#### Action item:
When you give the entries again, keep every word as it stands and drop the pictures.

#### Task inputs:
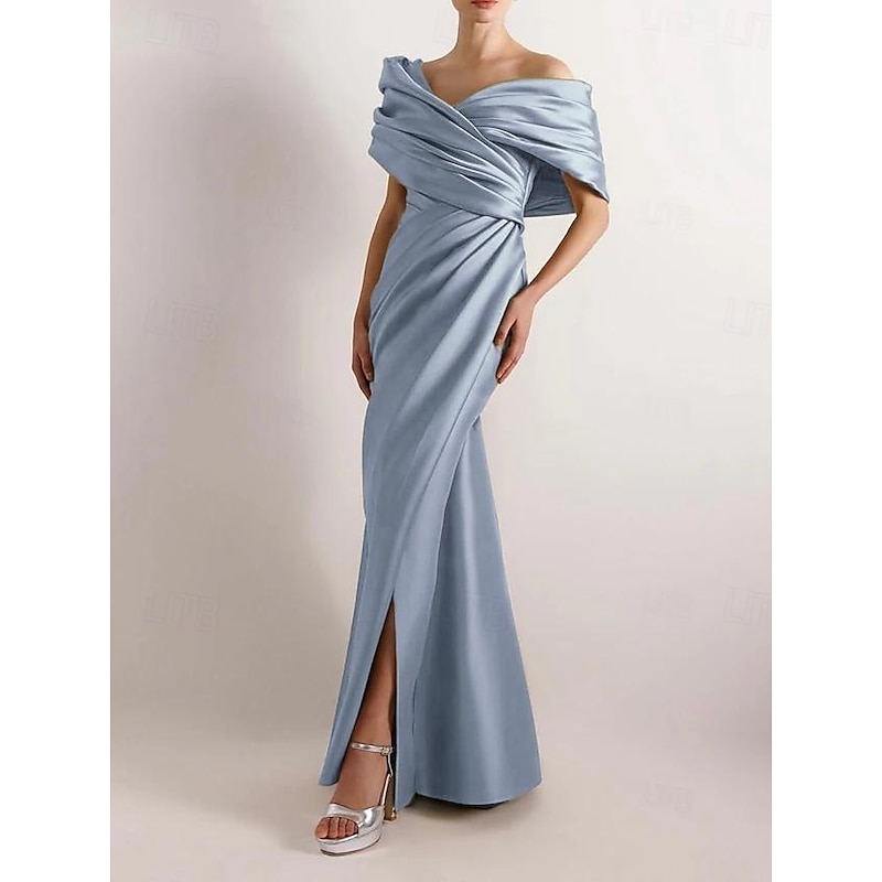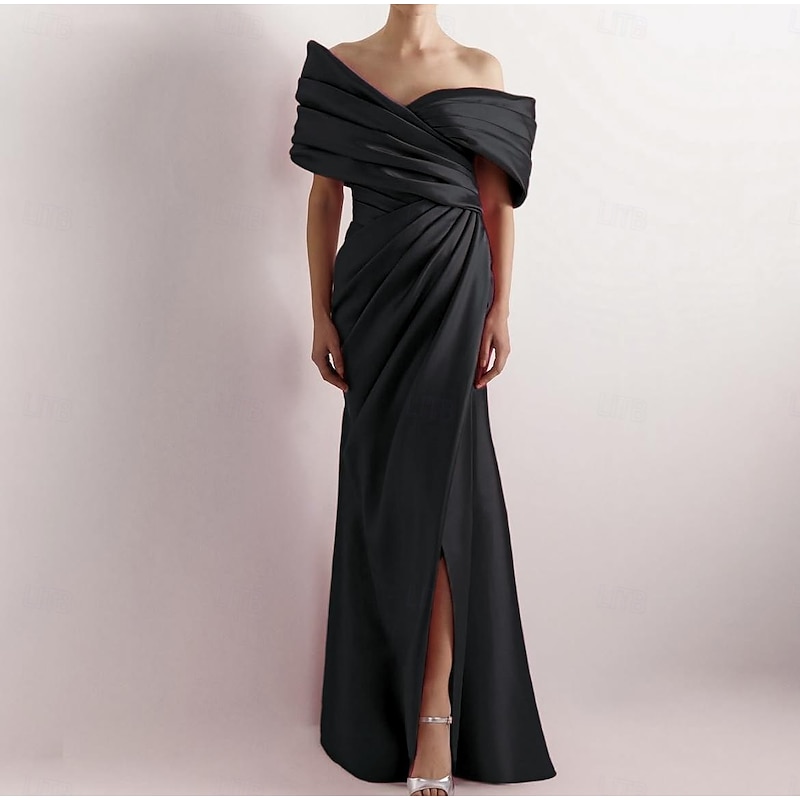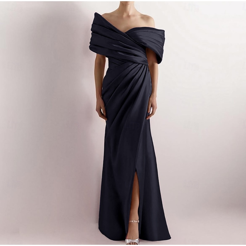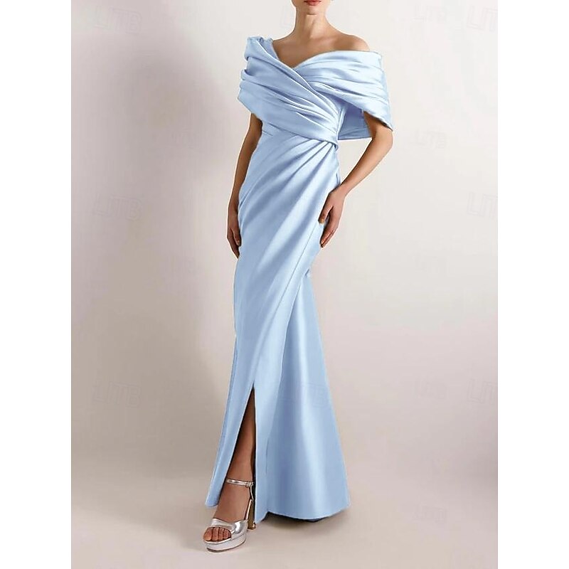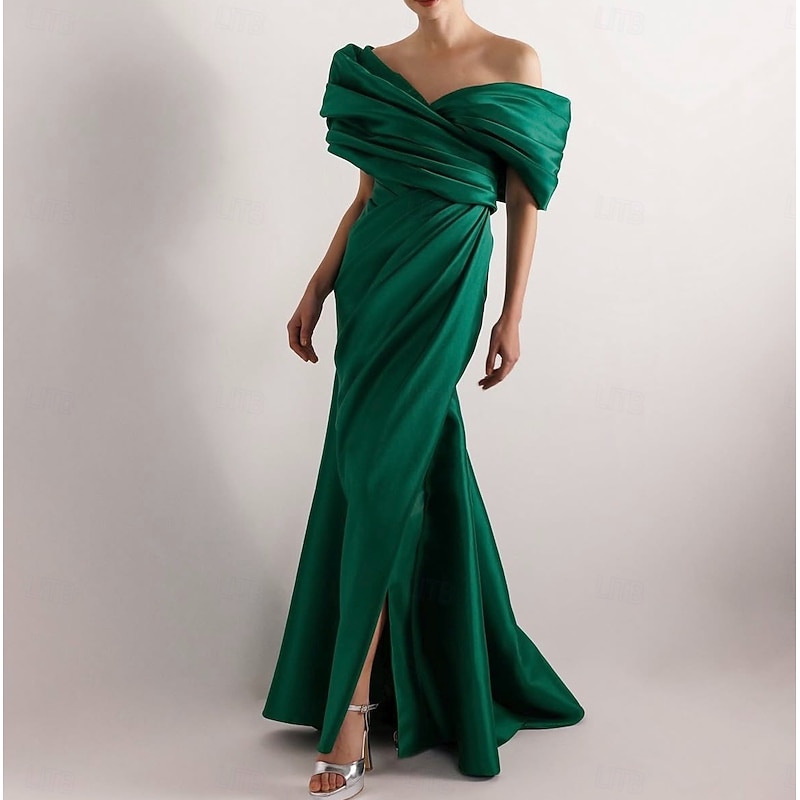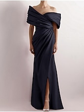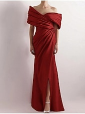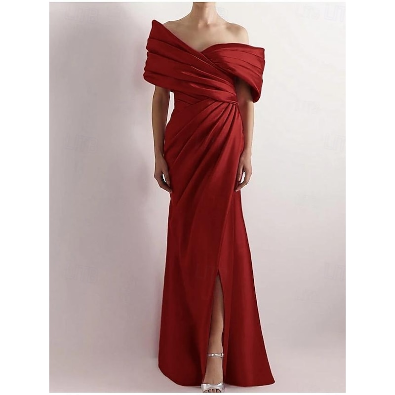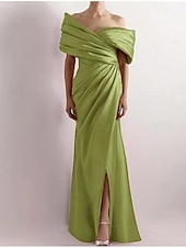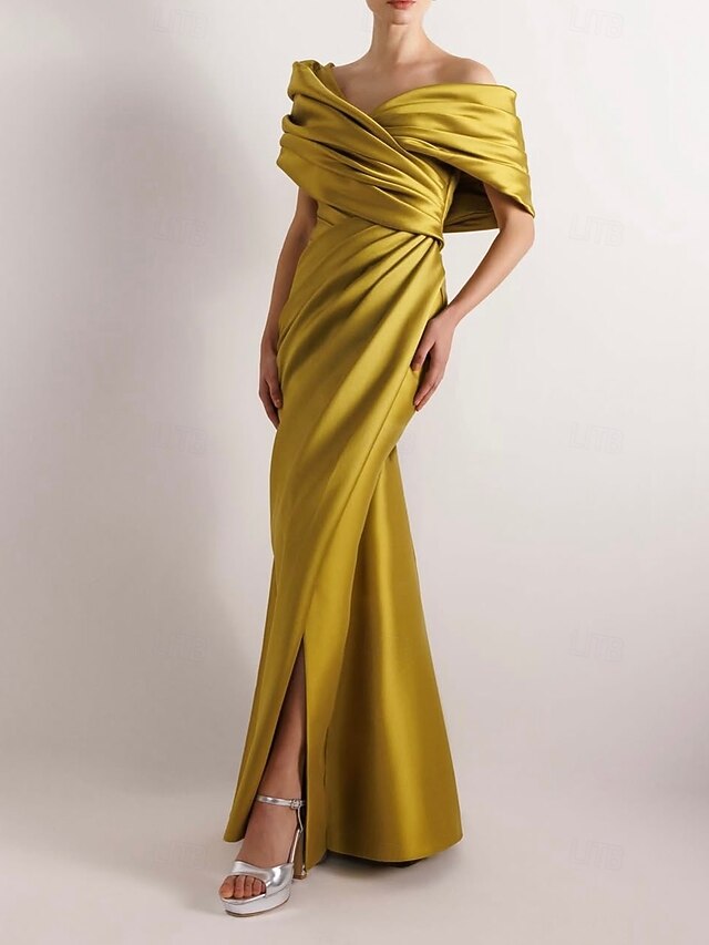More information about Dress High Fashion Mustard Dress Mermaid / Trumpet Portrait Collar Evening Gown Cocktail Dress Formal Wedding Floor Length Sleeveless Off Shoulder Satin with Ruched Details Slit
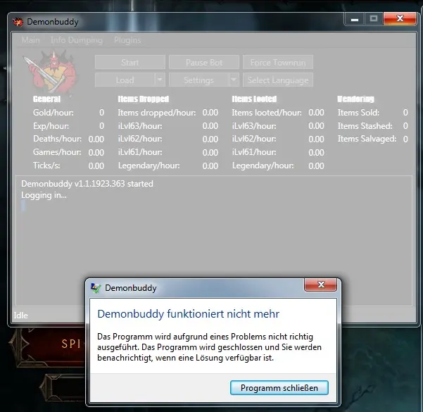 Hello, ... i try to connect with my DB Key ... and than Crash ... =/ [ X ] BuddyWhizard [ X ] Demonbuddy dependency installer nothing work :-/
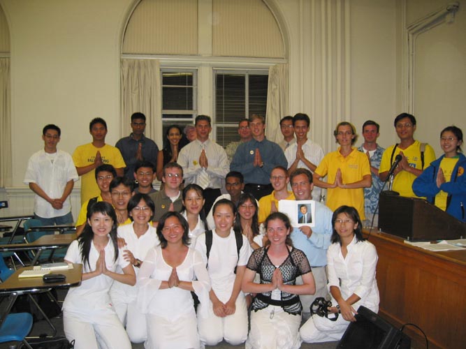 第二天参加完DC的游行后,前往参加青年学子交流,在此我明显感觉到西人学员们在证实法的步伐上所展现的坚定与无畏。反观自己,每当校内展开征签活动或洪法活动时,总要许久才能放下“不好意思”的观念,真是正念不足。我们几个台湾学员因时间关系而先离开,回到台湾后才发现当天的活动照片中,明显可看到法轮。
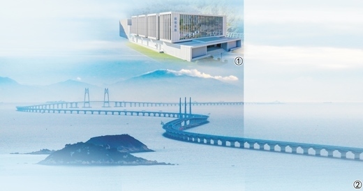 圖①:鵬城云腦大科學裝置。鵬城實驗室供圖 圖②:晨曦中的港珠澳大橋。新華社記者 劉大偉攝
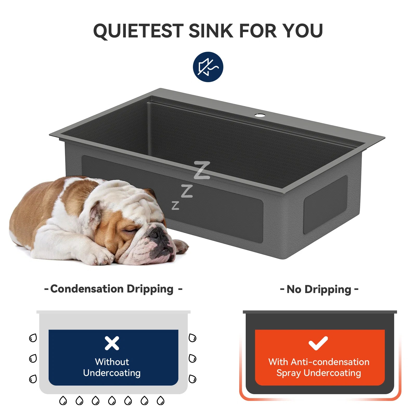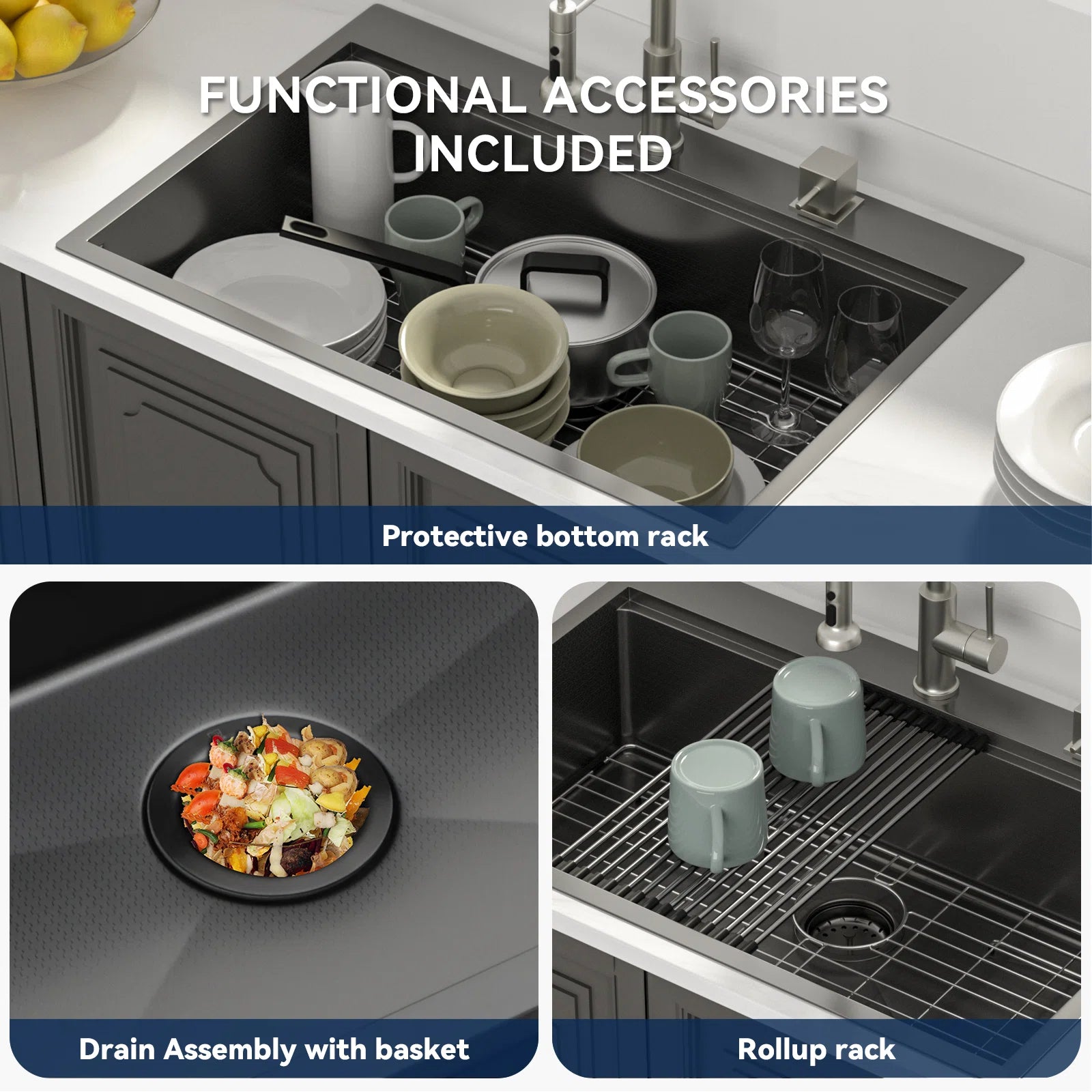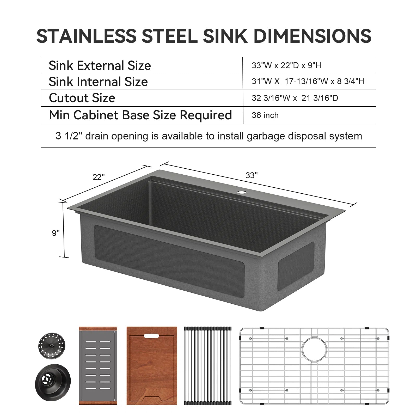 Our 33 inch drop in kitchen sink fits many garbage disposal brands and models, makes installation easy.
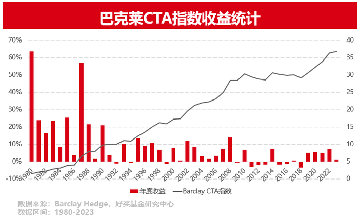 Barclay Hedge编制的CTA基金指数显示,自1980年以来,CTA基金指数累计收益已达3600%。具体来看,在CTA发展初期,CTA基金收益非常优异,1980至1990年的这11年中,CTA基金平均年化收益接近25%,而在1990年后,随着规模的迅速增加,CTA基金收益有所下沉。

#### Answer:
More information about Dress High Fashion Mustard Dress Mermaid / Trumpet Portrait Collar Evening Gown Cocktail Dress Formal Wedding Floor Length Sleeveless Off Shoulder Satin with Ruched Details Slit
 Hello, ... i try to connect with my DB Key ... and than Crash ... =/ [ X ] BuddyWhizard [ X ] Demonbuddy dependency installer nothing work :-/
 第二天参加完DC的游行后,前往参加青年学子交流,在此我明显感觉到西人学员们在证实法的步伐上所展现的坚定与无畏。反观自己,每当校内展开征签活动或洪法活动时,总要许久才能放下“不好意思”的观念,真是正念不足。我们几个台湾学员因时间关系而先离开,回到台湾后才发现当天的活动照片中,明显可看到法轮。
 圖①:鵬城云腦大科學裝置。鵬城實驗室供圖 圖②:晨曦中的港珠澳大橋。新華社記者 劉大偉攝
 Our 33 inch drop in kitchen sink fits many garbage disposal brands and models, makes installation easy.
 Barclay Hedge编制的CTA基金指数显示,自1980年以来,CTA基金指数累计收益已达3600%。具体来看,在CTA发展初期,CTA基金收益非常优异,1980至1990年的这11年中,CTA基金平均年化收益接近25%,而在1990年后,随着规模的迅速增加,CTA基金收益有所下沉。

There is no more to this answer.